No domingo passado, Caboclo
abraçou Tite, posou risonho para fotos com atletas e seguiu protocolo de amenidades.
De noite, a bomba da saída da Copa América da Argentina precedeu o anúncio da
segunda pela manhã de que o Brasil receberia a competição mais uma vez.
A surpresa foi geral e criou
mal-estar. O apoio - e o respaldo do presidente da República, Jair Bolsonaro -,
as cobranças em redes sociais para os jogadores se posicionarem frente às
críticas do seu país receber competição rejeitada pela Argentina, no meio de
crise de Covid-19, levantou debate na Seleção sobre manifestação dos atletas.
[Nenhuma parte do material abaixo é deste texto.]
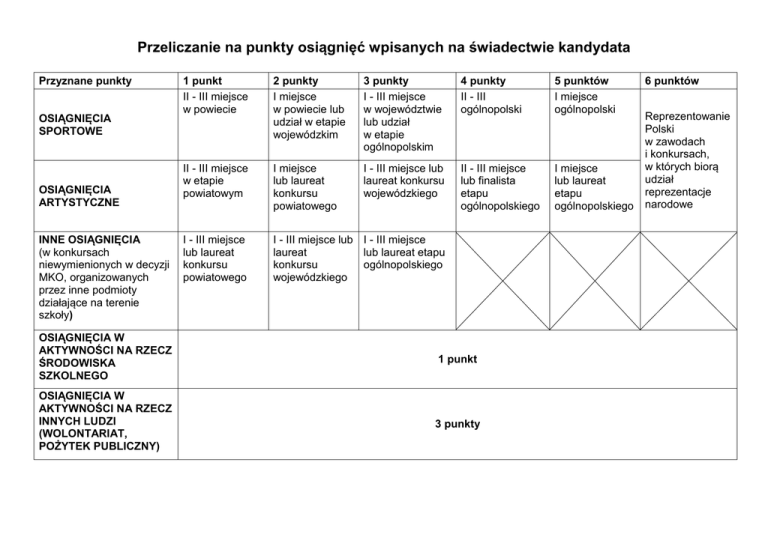 Przeliczanie na punkty osiągnięć wpisanych na świadectwie kandydata Przyznane punkty OSIĄGNIĘCIA SPORTOWE OSIĄGNIĘCIA ARTYSTYCZNE INNE OSIĄGNIĘCIA (w konkursach niewymienionych w decyzji MKO, organizowanych przez inne podmioty działające na terenie szkoły) 1 punkt II - III miejsce w powiecie 2 punkty I miejsce w powiecie lub udział w etapie wojewódzkim 3 punkty I - III miejsce w województwie lub udział w etapie ogólnopolskim 4 punkty II - III ogólnopolski 5 punktów I miejsce ogólnopolski II - III miejsce w etapie powiatowym I miejsce lub laureat konkursu powiatowego I - III miejsce lub laureat konkursu wojewódzkiego II - III miejsce lub finalista etapu ogólnopolskiego I miejsce lub laureat etapu ogólnopolskiego I - III miejsce lub laureat konkursu powiatowego I - III miejsce lub I - III miejsce laureat lub laureat etapu konkursu ogólnopolskiego wojewódzkiego OSIĄGNIĘCIA W AKTYWNOŚCI NA RZECZ ŚRODOWISKA SZKOLNEGO 1 punkt OSIĄGNIĘCIA W AKTYWNOŚCI NA RZECZ INNYCH LUDZI (WOLONTARIAT, POŻYTEK PUBLICZNY) 3 punkty 6 punktów Reprezentowanie Polski w zawodach i konkursach, w których biorą udział reprezentacje narodowe Lista dyscyplin sportu, których osiągnięcia kandydatów punktowane są w procesie rekrutacji do szkół ponadgimnazjalnych Dyscypliny indywidualne: akrobatyka sportowa, badminton, biathlon, biathlon letni, bieg na orientację, biegi przełajowe, boks, bowling sportowy, brydż sportowy, gimnastyka artystyczna, gimnastyka sportowa, jeździectwo, judo, kajakarstwo, karate tradycyjne, karate WKF, kolarstwo szosowe, kolarstwo torowe, kręglarstwo, lekkoatletyka, łucznictwo, łyżwiarstwo figurowe, łyżwiarstwo szybkie, łyżwiarstwo szybkie - short track, narciarstwo alpejskie, narciarstwo klasyczne (biegi, skoki, kombinacja norweska), pięciobój nowoczesny, pływanie, pływanie synchroniczne, podnoszenie ciężarów, saneczkarstwo, skoki do wody, snowboard, sport kartingowy, strzelectwo sportowe, szachy, szermierka, taekwon-do ITF, taekwondo WAF, taniec sportowy, tenis, tenis stołowy, triathlon, wioślarstwo, wspinaczka sportowa, zapasy styl klasyczny, zapasy styl wolny, żeglarstwo, żeglarstwo lodowe, modelarstwo kołowe. Gry zespołowe : baseball, golf, hokej na lodzie, hokej na trawie, kajak polo, koszykówka, piłka nożna, piłka ręczna, piłka siatkowa, piłka siatkowa plażowa, piłka wodna, psie zaprzęgi, rugby, unihokej. W przypadku, gdy dyscyplina sportu nie jest umieszczona w w/w załączniku, a absolwent gimnazjum legitymuje się odpowiednim dokumentem potwierdzającym uzyskanie osiągnięć sportowych, szkolne komisje rekrutacyjno-kwalifikacyjne decydują o uwzględnieniu tej dyscypliny sportu w procesie rekrutacji.

Em outras palavras, não queriam se sentir massa de manobra de ninguém.
Frágil, Caboclo causou
constrangimento no vestiário da seleção brasileira, quando fez discurso
inflamado. O ambiente que já não era leve se tornava insustentável. Sugeriu que
ninguém falasse publicamente, o que não aconteceu. Em forma de enigma, Casemiro
disse que "todos sabiam da posição" dos jogadores e da comissão
técnica, mas só falariam depois da partida do Paraguai.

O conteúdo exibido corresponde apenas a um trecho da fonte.